Il segreto di Clitennestra

L’odore di erba stava lentamente invadendo la camera: «merda» pensa Nora sporgendosi fuori dalla finestra aperta il più possibile, guardando le macchine sfrecciare veloci e disordinate nel buio sotto di lei.

«Nora, cos’è quest’odore?», la voce di sua madre oltre la porta è chiara e forte.

«Cazzo stavolta è finita, mi ha sgamata in pieno» pensa Nora cercando di arieggiare la stanza agitando inutilmente le braccia.

Sua madre inizia a bussare alla porta fiutando da sola la risposta alla sua domanda: «ma ti stai fumando una canna per caso?»: al maresciallo non gliene sfugge una, cazzo.

Nora risponde con tono stupito e quasi offeso: «no mamma, macché! È la stufetta elettrica che fa ‘sta puzza, ormai è andata.»

«Ma mi prendi per scema? Guarda che adesso entro!», spalancando la porta nel momento stesso in cui avvisava che sarebbe entrata.

Nora getta immediatamente la canna dalla finestra, sperando di non centrare nessun passante, e guarda la madre impalata incrociando prontamente le braccia dietro la schiena, con gli occhi spalancati e una smorfia di finta sicurezza in faccia.

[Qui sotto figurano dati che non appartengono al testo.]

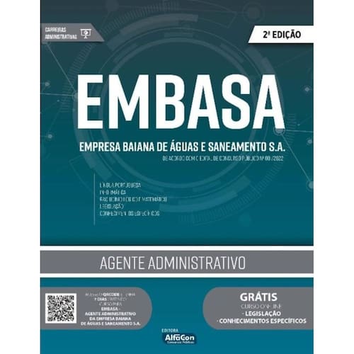 A OBRA DE ACORDO COM O EDITAL DE CONCURSO PÚBLICO Nº 001/2022 A chance de fazer parte do Serviço Público chegou, e a oportunidade está no concurso para AGENTE ADMINISTRATIVO - EMPRESA BAIANA DE ÁGUAS E SANEAMENTO SA - EMBASA - 2ª EDIÇÃO. Para ingressar nesta carreira, é fundamental que a preparação para a prova seja feita de forma eficaz - com os materiais certos. Isto é, neste universo dos concursos públicos, estar bem-preparado faz toda a diferença. Por isso, a Editora AlfaCon, sempre atenta e preocupada com nossos concurseiros, apresenta esta obra diferente e perfeita para você. Nesse sentido, no decorrer dos assuntos, o estudante encontrará dicas para a sua compreensão. Toda essa disposição foi pensada para auxiliar o concurseiro, a obter sucesso na carreira que almeja. Conteúdos contemplados Língua Portuguesa Informática Raciocínio Lógico e Matemático Legislação Conhecimentos Específicos ON-LINE ? Legislação ? Conhecimentos Específicos O AlfaCon preparou todo o material com explicações, reunindo os principais conteúdos relacionados a prova, dando ênfase aos tópicos mais cobrados. ESTEJA ATENTO AO CONTEÚDO ONLINE POR MEIO DO CÓDIGO DE RESGATE, para que você tenha acesso a mais conteúdo. Desfrute de seu material o máximo possível, estamos juntos nessa conquista!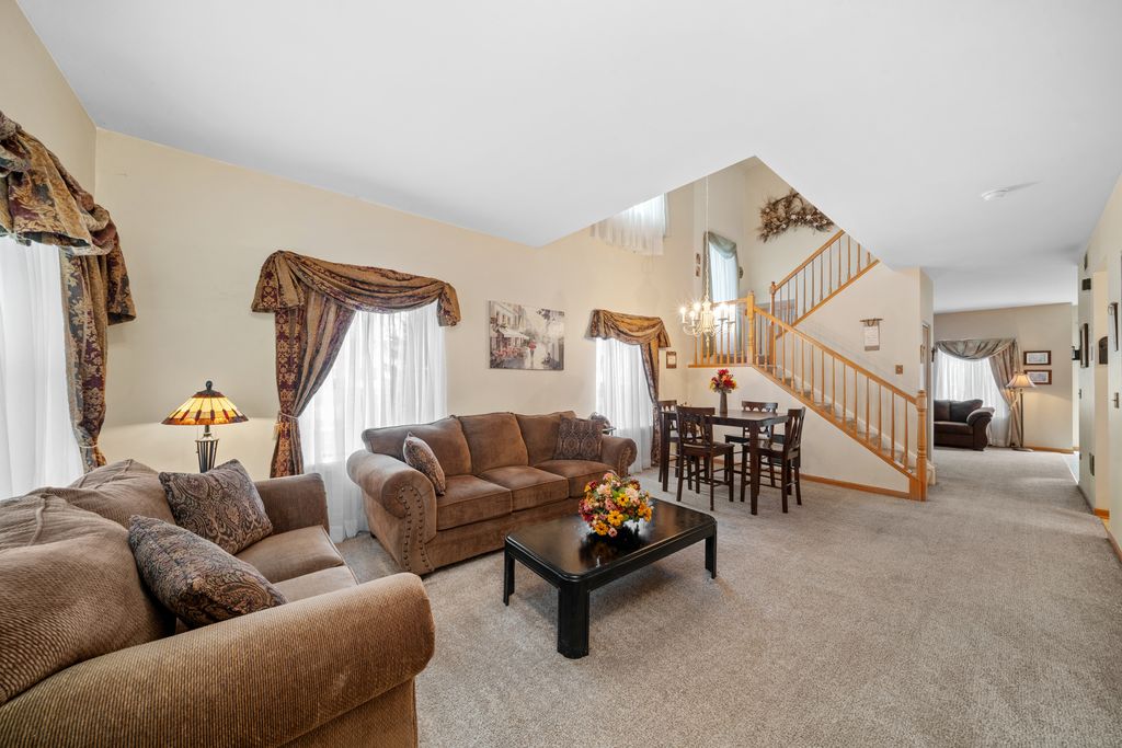 This turnkey home is move in ready! Large Drake model 1/2 duplex with a fenced yard has many recent updates. 3 bedrooms, 2 1/2 bath and a deep single car garage PLUS a gas log fireplace make this home the perfect, affordable family home. The first floor has an eat-in kitchen, family room with a gas fireplace and a living/dining room combo with high ceilings. Upstairs the large master suite has an attached sitting room, private bath and walk in closet and the other two bedrooms are at the opposite end of the hall. Laundry room is conveniently located upstairs as well! Roof, carpet and all appliances new in 2020, furnace, a/c & water heater new in 2014. All furniture stays and most was new in 2020.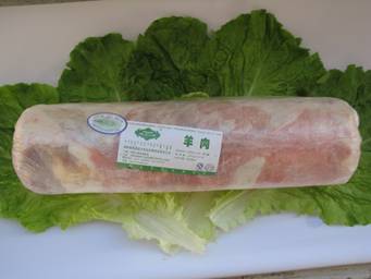 剔骨羔羊胴體羊肉(必須有后腿肉)常規(guī)修肉、去三角線硬皮部分、去掉全部背筋,順紋擺放,瘦肉朝外卷,肥瘦搭配均勻,部分碎肉(小于10%),肉塊順向碼放。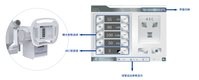 配備球管與平板聯(lián)動控制系統(tǒng),平板端上下移動時,球管端自動跟蹤。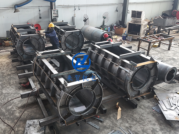 2、圆管涵模具、圆涵挡土墙模具构件的管身与台身的制作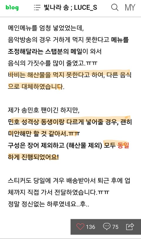 위너팬들은 바비가 해산물못먹는다는 소식듣고 메뉴까지 바꿈ㅋㅋㅋ장어대신에 닭강정으로 바꿔줬고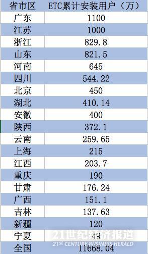 在此基础上,截至目前全国各省市的ETC安装情况如何?21世纪经济报道记者统计目前已经公布数据的19个省市区后发现,目前广东、江苏两省的ETC累计安装用户已经突破1000万,遥遥领先于其他省市区的安装情况。其次,在当前的安装工作推进进度上,沿海东部地区也要明显快于中西部地区。
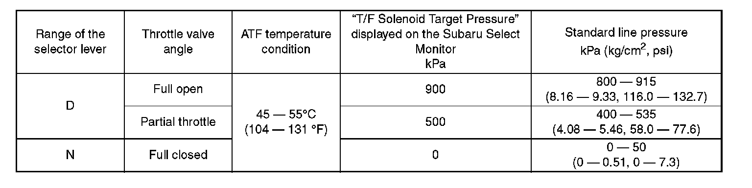 ^ Adjust the throttle valve angle in order to obtain the T/F solenoid target pressure displayed on the Subaru Select Monitor.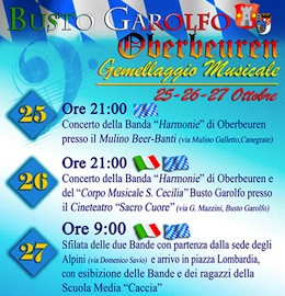 Sabato 26 ottobre, ore 21: concerto della banda "Harmonie" di Oberbeuren e del corpo musicale Santa Cecilia al cineteatro Sacro Cuore in via Mazzini a Busto Garolfo;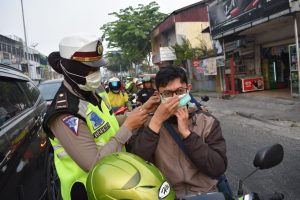 PEKANBARU, SIAGANEWS.CO – Satuan Lalu Lintas Polresta Pekanbaru bagi bagi masker gratis kepada pengendara, Jumat (9/8/2019).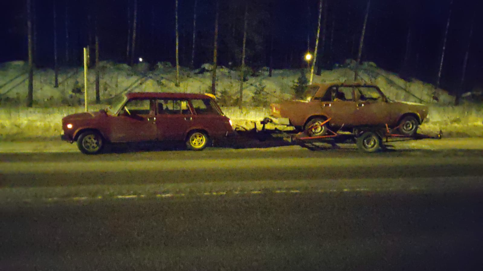 Kävipä nyt sitten niin, että 14.1 hakiessani uutta uljasta 1500SL-menopeliäni Liperistä sattui ensimmäinen tielle jäänti. Menomatka sujui ongelmitta, mutta paluumatkalla huomasin jossain Suonenjoen paikkeilla valtatiellä 9 kello 23, että latausmittari näyttää 12 volttia ollen vihreän ja valkoisen rajalla. Latausvalo ei syttynyt. Havaittuani asian sammutin radion ja muut tarpeettomat laitteet sekä siirryin sähkönsäästöajoon. Pääsin Hankasalmen Jari-Pekkaan, jossa ei harmi kyllä ollut akkuja myynnissä. Jossain huoltoasemilla on ainakin joskus ollut akkuja. Lähdettyäni siitä kohti Jyväskylää alkoi latausmittarin viisari laskea uhkaavasti kohti punaista. Seuraava auki oleva liikenneasema olisi ollut Vaajakosken ABC. Pääsin muutaman kilometrin päähän ABC:stä, kun ensin hiipui valojen merkkivalo ja sen jälkeen Lada nykäisi ja silloin meno loppui. Onnistuin melkein rullaamaan bussipysäkille, mutta koska perässä oli traileri ja Lada sen päällä ja liukastakin oli, menin pari metriä pitkäksi, mutta kuitenkin tien reunaan eikä keskelle. Otin 1500SL:stä akun, mutta siitä ei hyötyä ollut kuin se, että saatoin käyttää hätävilkkuja. Matkaa perille olisi ollut vielä 200 km. Onneksi minulla on kaskovakuutus, joten soitin 24h-akkupalveluun ja tilasin sieltä kameraadin tuomaan uutta akkua. Odottelin reilun tunnin, kun hinausauto saapui ja ostin hetimmiten kaksi täyttä akkua, 60 ja 70 ampeeritunnin akut. Asensimme tuon 60 Ah akun ja matka jatkui sähkönsäästölinjalla. Aloin ajaa määrätietoisesti kohti Tamperetta pysähtymättä enää mihinkään. Tein kaikki mahdolliset temput sähkön säästämiseksi, ja vihdoin viimein Tampereen moottoritie avautui. Siinä vaiheessa latausmittari oli valkoisen ja punaisen rajamailla. Vein trailerin Ladoineen sinne minne se kuului ja pääsin lopulta Hervantaan. Viimeisten liikennevalojen kohdalla jännite akussa oli enää pari milliä punaisen alueen alalaidasta, samoilla tonteilla kuin silloin kun jäin Vaajakoskella tien varteen. Viimeisillä voimillaan Lada jaksoi parkkiruutuun asti. Silloin kello oli 5.25 aamulla. Täydellä 60 AH akulla pystyi siis ajamaan yksipisteruiskuladalla 200 km. Tämä on hyvä tieto tulevaisuutta ajatellen.

«Nora, ti ho già detto che non esiste che fumi in camera, e adesso ti becco a farti una canna! Ma io per cosa lavoro tutto il giorno? Per chi mi spacco la schiena?», la tragedia greca quotidiana aveva avuto inizio. Nora aveva sempre pensato che sua madre avrebbe dovuto fare l’attrice. Il suo tono di voce era potente e sicuro, e accompagnava le sue parole solenni con ampi gesti delle braccia, creando pathos tra i presenti. Era una Clitennestra che faceva l’operaia in cartiera, un talento sprecato. Raggiunto il climax finale, sua madre se ne esce dalla camera di Nora ancora incazzata. Aveva il turno di notte e doveva prepararsi per uscire.

Nora era dell’acquario, una testa di cazzo gigantesca. Mentre sua madre si stava infilando i vestiti da lavoro in camera, un vecchio maglione infeltrito e un paio di jeans da uomo, Nora si dirige verso l’attaccapanni e inizia a frugare nella borsa di sua madre per fregarle qualche soldo con cui si sarebbe comprata qualche grammo di erba, alla facciaccia sua. Nella borsa però Nora scorge una cosa che non si sarebbe mai aspettata di trovare: una fiaschetta d’acciaio.

«Dai, non può essere vero», pensa Nora, svitando il tappo e annusando il contenuto. Sembrava whisky. Ne bevve un sorso e sì, era proprio whisky. Sua madre, la donna tutta d’un pezzo che rompeva tanto con le responsabilità, beveva al lavoro?

Nora stava per partire in quarta per rinfacciarle tutto quello che si era appena sentita dire quando, con quella fiaschetta stretta in mano, si sentì una scema. Guardò la borsa frigo a terra, con dentro la cena che quella sera sua madre avrebbe consumato davanti alla macchina che manovrava, senza fermarsi. Nora rimise la fiaschetta nella borsa e decise di preparare un dolce, le avrebbe fatto trovare la colazione.